--- START ---

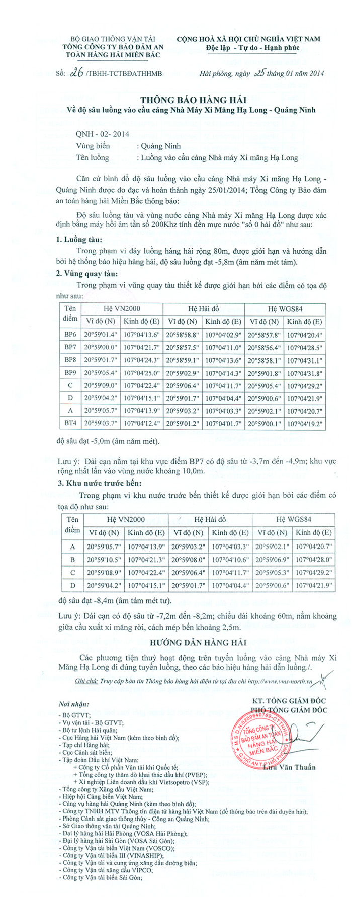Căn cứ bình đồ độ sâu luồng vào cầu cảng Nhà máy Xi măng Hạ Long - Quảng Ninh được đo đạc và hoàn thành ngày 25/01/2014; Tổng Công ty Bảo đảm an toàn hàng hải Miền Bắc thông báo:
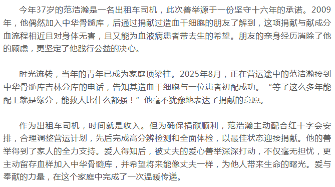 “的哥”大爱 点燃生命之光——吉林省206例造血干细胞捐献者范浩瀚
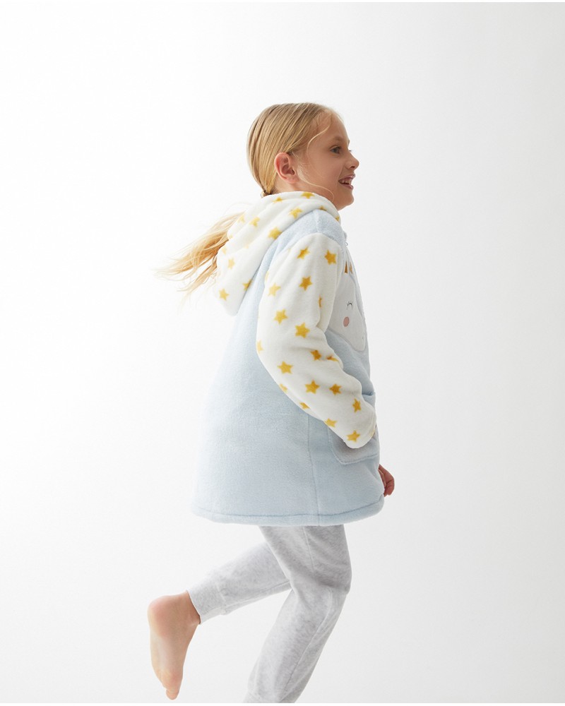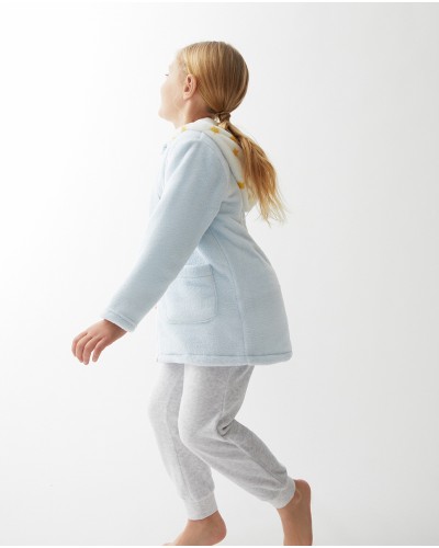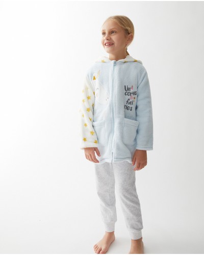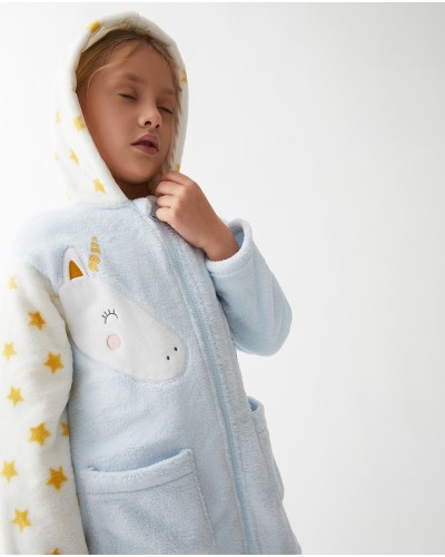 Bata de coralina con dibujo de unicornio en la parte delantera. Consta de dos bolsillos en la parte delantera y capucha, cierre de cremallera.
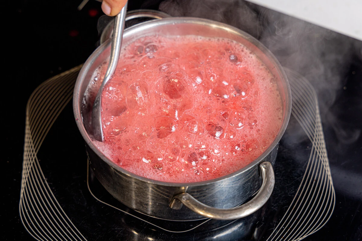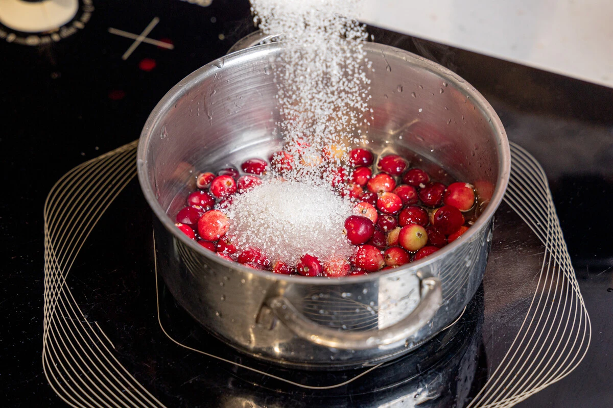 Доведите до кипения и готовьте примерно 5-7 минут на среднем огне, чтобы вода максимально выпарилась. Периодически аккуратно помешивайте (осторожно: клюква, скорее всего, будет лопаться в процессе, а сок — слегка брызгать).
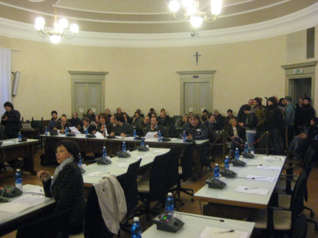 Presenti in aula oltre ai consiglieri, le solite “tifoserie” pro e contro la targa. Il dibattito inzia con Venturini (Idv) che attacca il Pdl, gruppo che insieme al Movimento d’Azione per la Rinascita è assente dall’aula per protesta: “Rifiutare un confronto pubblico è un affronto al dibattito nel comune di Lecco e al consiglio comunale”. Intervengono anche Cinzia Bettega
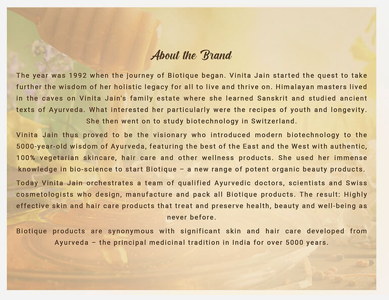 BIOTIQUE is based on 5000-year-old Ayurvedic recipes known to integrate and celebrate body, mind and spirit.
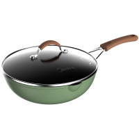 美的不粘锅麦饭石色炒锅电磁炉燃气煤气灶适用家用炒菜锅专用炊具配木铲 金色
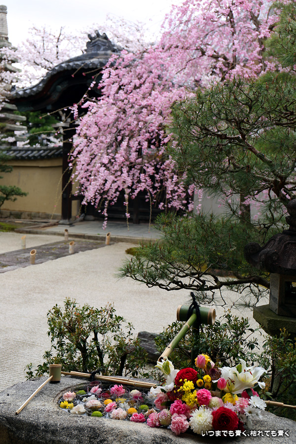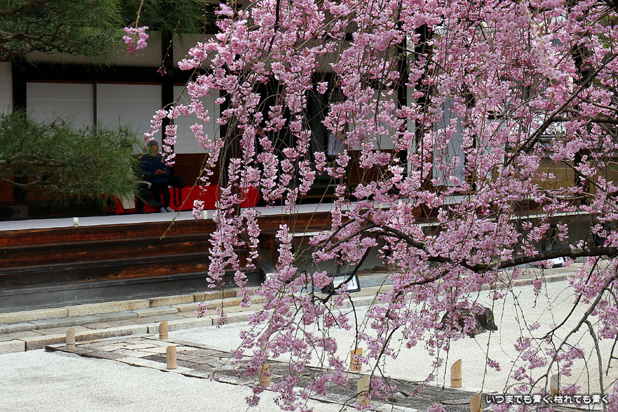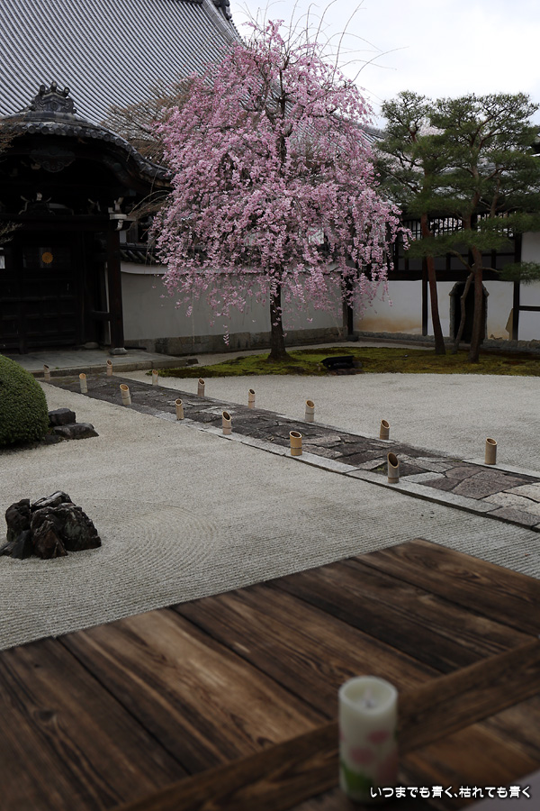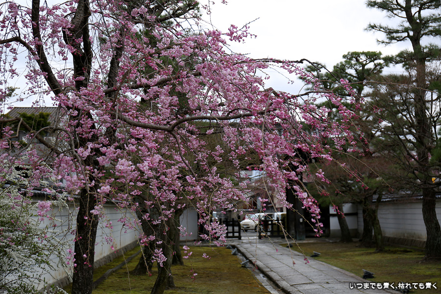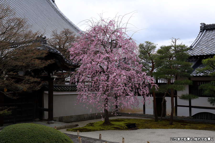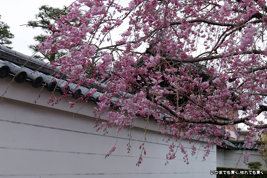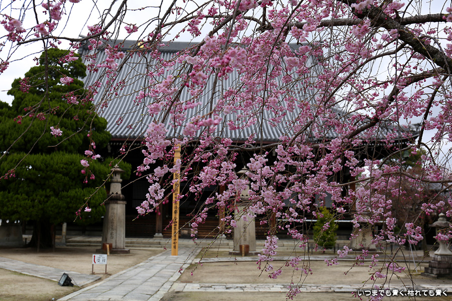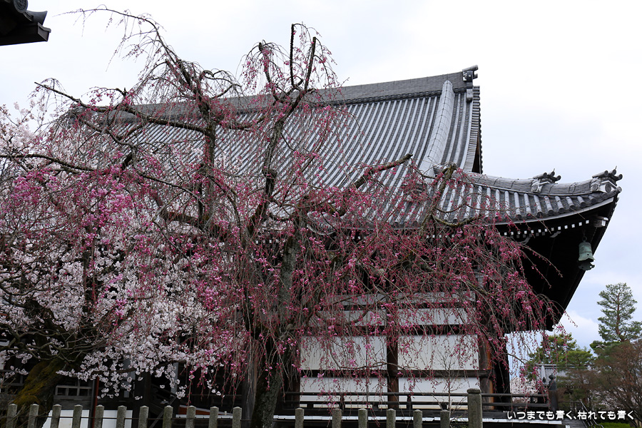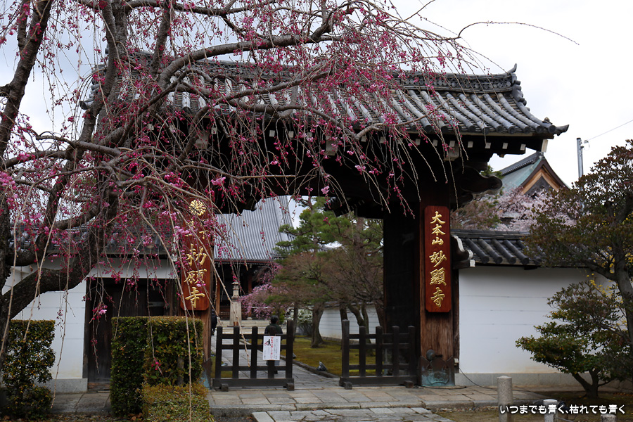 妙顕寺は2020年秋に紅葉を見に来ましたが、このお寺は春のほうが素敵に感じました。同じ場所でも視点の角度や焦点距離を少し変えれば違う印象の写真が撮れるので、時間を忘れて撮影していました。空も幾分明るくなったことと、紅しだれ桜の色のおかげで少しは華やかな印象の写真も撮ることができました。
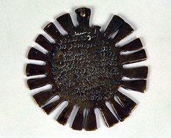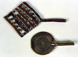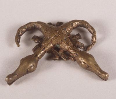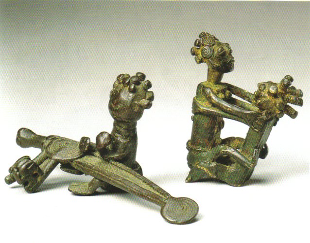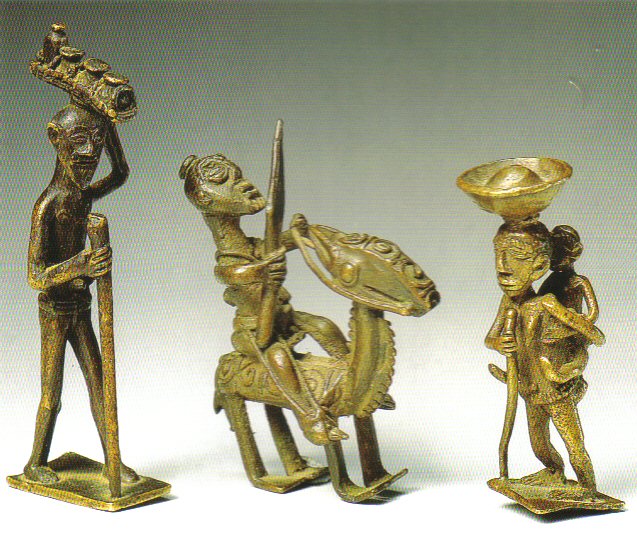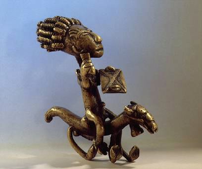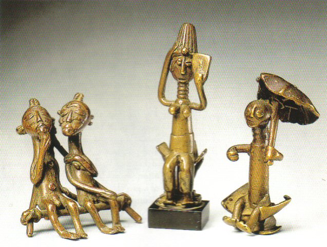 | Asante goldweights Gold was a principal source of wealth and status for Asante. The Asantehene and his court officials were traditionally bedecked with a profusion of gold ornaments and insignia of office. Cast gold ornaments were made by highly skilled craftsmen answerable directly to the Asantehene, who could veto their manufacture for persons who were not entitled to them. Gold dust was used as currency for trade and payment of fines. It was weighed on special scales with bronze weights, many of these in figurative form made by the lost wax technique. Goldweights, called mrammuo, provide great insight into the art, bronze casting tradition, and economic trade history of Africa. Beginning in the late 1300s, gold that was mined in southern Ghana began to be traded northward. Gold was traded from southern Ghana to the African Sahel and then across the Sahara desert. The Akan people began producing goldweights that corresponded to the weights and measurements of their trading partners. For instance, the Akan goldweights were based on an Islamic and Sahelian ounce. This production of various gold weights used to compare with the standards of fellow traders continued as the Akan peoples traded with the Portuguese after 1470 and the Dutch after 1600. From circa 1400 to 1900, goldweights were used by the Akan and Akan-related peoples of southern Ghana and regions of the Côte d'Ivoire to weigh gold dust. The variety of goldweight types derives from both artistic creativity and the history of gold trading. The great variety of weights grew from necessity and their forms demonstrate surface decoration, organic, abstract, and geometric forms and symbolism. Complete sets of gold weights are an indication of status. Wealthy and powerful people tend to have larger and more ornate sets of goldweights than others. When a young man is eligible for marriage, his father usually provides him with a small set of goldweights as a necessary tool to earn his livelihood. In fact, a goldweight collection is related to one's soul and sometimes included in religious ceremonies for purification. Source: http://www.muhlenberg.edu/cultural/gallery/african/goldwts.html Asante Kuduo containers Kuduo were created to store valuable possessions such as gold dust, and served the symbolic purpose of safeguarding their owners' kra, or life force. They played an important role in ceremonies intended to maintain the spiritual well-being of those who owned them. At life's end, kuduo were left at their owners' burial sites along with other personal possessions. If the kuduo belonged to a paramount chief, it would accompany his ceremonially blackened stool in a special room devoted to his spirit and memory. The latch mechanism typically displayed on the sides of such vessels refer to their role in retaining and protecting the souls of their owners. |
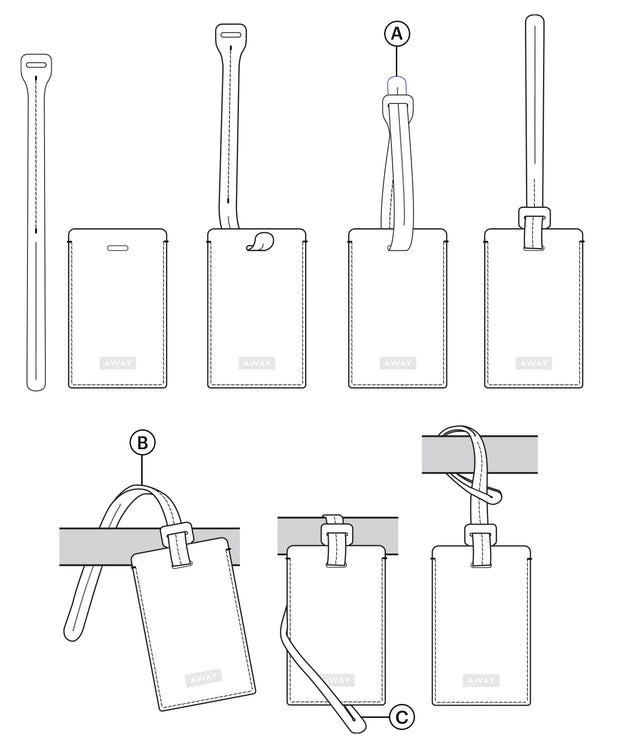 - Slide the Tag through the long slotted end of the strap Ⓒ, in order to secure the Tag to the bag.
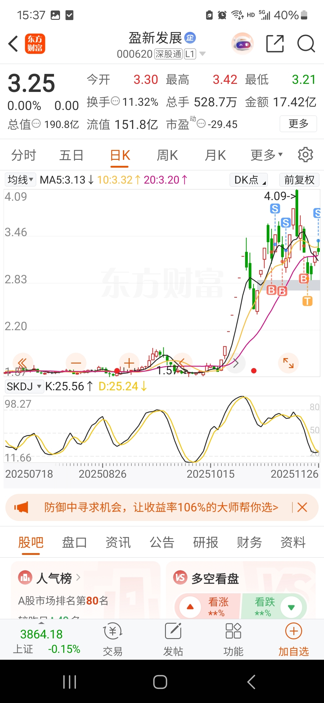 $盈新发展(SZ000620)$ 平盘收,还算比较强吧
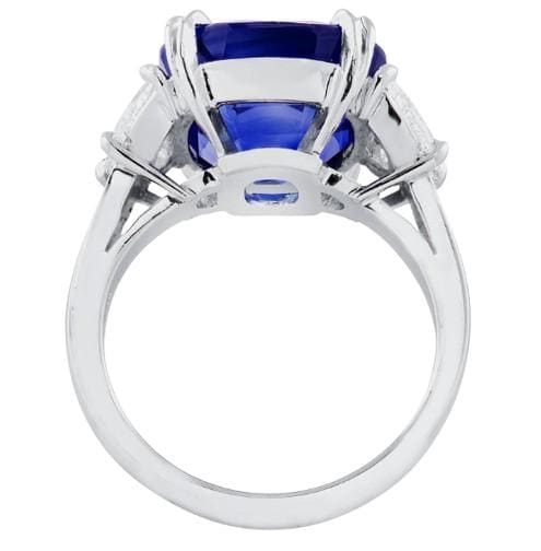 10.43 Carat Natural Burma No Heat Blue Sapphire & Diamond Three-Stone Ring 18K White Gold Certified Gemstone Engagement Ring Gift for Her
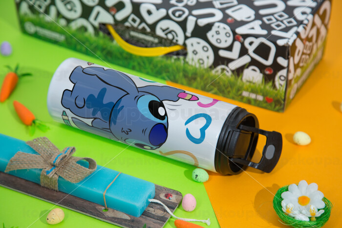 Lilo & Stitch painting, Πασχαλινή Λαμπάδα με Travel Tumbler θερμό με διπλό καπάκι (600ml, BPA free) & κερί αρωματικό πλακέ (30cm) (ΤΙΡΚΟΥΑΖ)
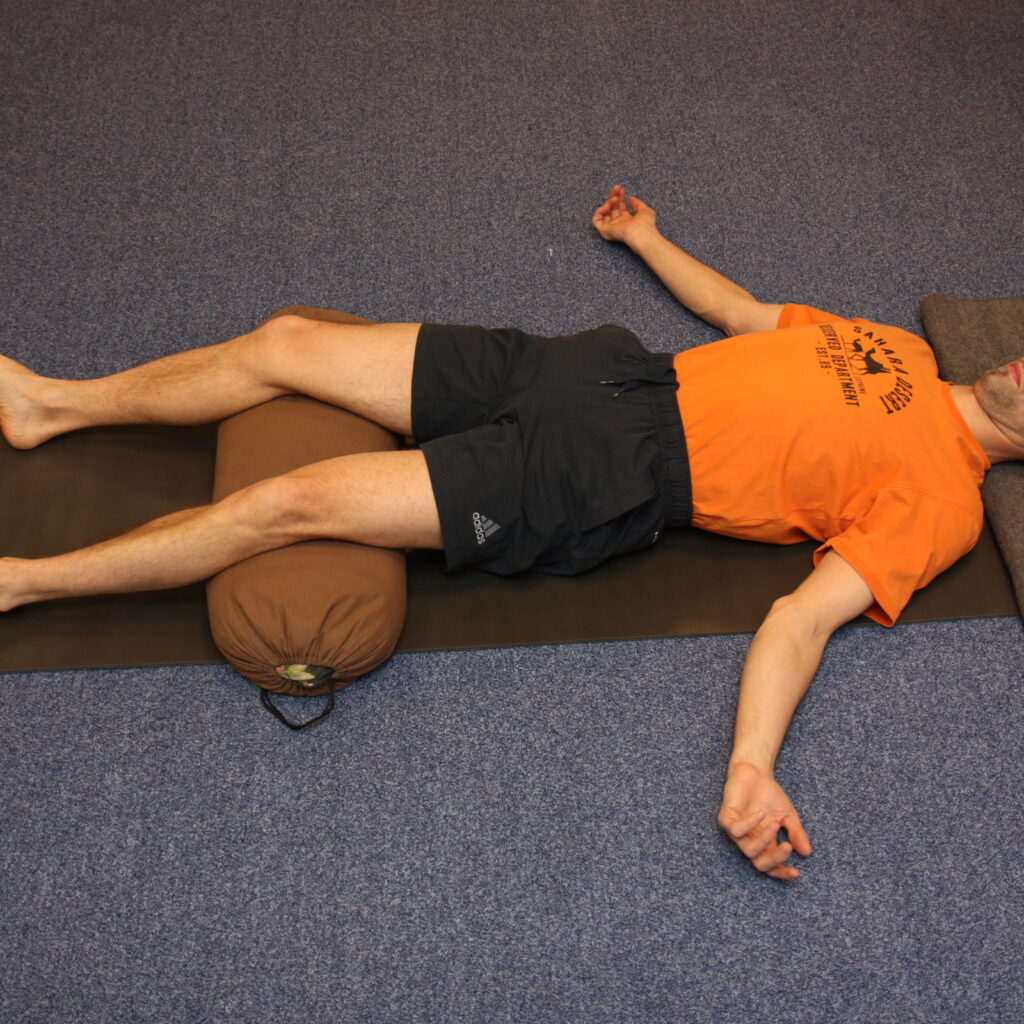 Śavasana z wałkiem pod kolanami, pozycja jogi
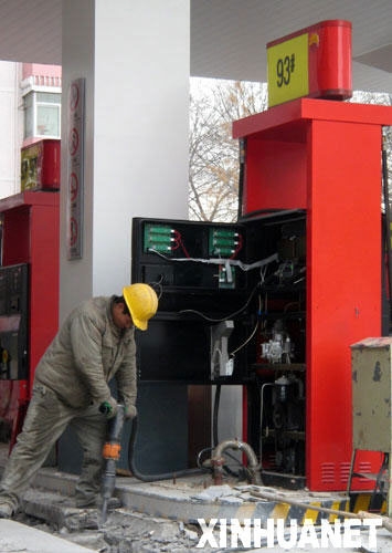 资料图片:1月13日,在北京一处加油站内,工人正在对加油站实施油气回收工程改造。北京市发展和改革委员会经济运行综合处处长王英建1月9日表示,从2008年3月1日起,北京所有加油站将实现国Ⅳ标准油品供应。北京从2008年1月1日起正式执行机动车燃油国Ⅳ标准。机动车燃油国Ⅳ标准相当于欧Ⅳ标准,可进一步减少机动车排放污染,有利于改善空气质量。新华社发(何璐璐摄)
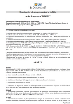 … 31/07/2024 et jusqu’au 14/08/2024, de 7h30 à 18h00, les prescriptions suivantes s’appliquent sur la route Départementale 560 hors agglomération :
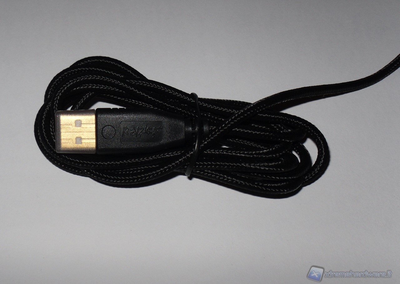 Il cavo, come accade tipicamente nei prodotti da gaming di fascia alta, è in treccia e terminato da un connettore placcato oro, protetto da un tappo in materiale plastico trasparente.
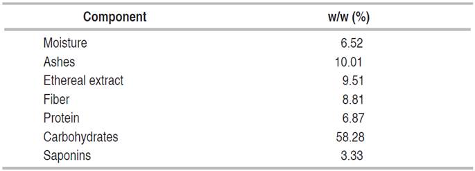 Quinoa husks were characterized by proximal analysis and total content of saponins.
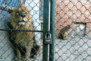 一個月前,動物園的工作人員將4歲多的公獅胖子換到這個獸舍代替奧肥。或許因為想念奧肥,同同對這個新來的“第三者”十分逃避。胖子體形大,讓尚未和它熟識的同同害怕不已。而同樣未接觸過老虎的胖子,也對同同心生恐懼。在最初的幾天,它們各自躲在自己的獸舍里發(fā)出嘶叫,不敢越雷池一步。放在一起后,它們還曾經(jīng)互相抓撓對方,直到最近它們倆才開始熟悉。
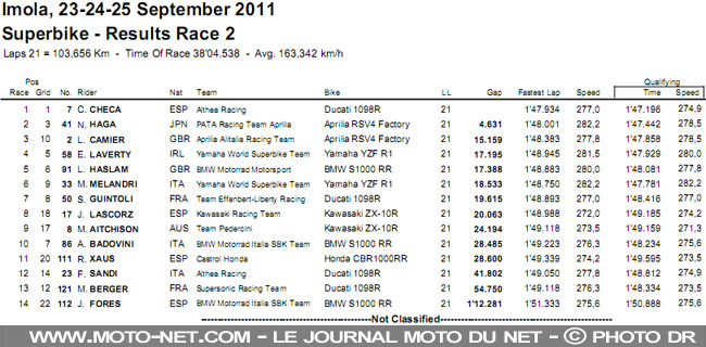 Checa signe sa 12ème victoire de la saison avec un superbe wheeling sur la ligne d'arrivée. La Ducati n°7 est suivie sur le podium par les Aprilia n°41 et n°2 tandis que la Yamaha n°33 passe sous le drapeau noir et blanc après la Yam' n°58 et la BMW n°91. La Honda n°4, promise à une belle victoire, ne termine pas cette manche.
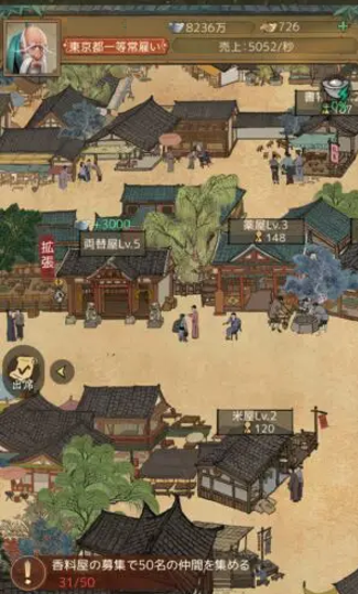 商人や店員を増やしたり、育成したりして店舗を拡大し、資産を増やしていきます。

--- END ---

Leave out the pictures, then repeat the listing above exactly from its first line to the line with "妙顕寺は2020年秋に紅葉を", inclusive.

Answer box:
Căn cứ bình đồ độ sâu luồng vào cầu cảng Nhà máy Xi măng Hạ Long - Quảng Ninh được đo đạc và hoàn thành ngày 25/01/2014; Tổng Công ty Bảo đảm an toàn hàng hải Miền Bắc thông báo:
 “的哥”大爱 点燃生命之光——吉林省206例造血干细胞捐献者范浩瀚
 Bata de coralina con dibujo de unicornio en la parte delantera. Consta de dos bolsillos en la parte delantera y capucha, cierre de cremallera.
 Доведите до кипения и готовьте примерно 5-7 минут на среднем огне, чтобы вода максимально выпарилась. Периодически аккуратно помешивайте (осторожно: клюква, скорее всего, будет лопаться в процессе, а сок — слегка брызгать).
 Presenti in aula oltre ai consiglieri, le solite “tifoserie” pro e contro la targa. Il dibattito inzia con Venturini (Idv) che attacca il Pdl, gruppo che insieme al Movimento d’Azione per la Rinascita è assente dall’aula per protesta: “Rifiutare un confronto pubblico è un affronto al dibattito nel comune di Lecco e al consiglio comunale”. Intervengono anche Cinzia Bettega
 BIOTIQUE is based on 5000-year-old Ayurvedic recipes known to integrate and celebrate body, mind and spirit.
 美的不粘锅麦饭石色炒锅电磁炉燃气煤气灶适用家用炒菜锅专用炊具配木铲 金色
 妙顕寺は2020年秋に紅葉を見に来ましたが、このお寺は春のほうが素敵に感じました。同じ場所でも視点の角度や焦点距離を少し変えれば違う印象の写真が撮れるので、時間を忘れて撮影していました。空も幾分明るくなったことと、紅しだれ桜の色のおかげで少しは華やかな印象の写真も撮ることができました。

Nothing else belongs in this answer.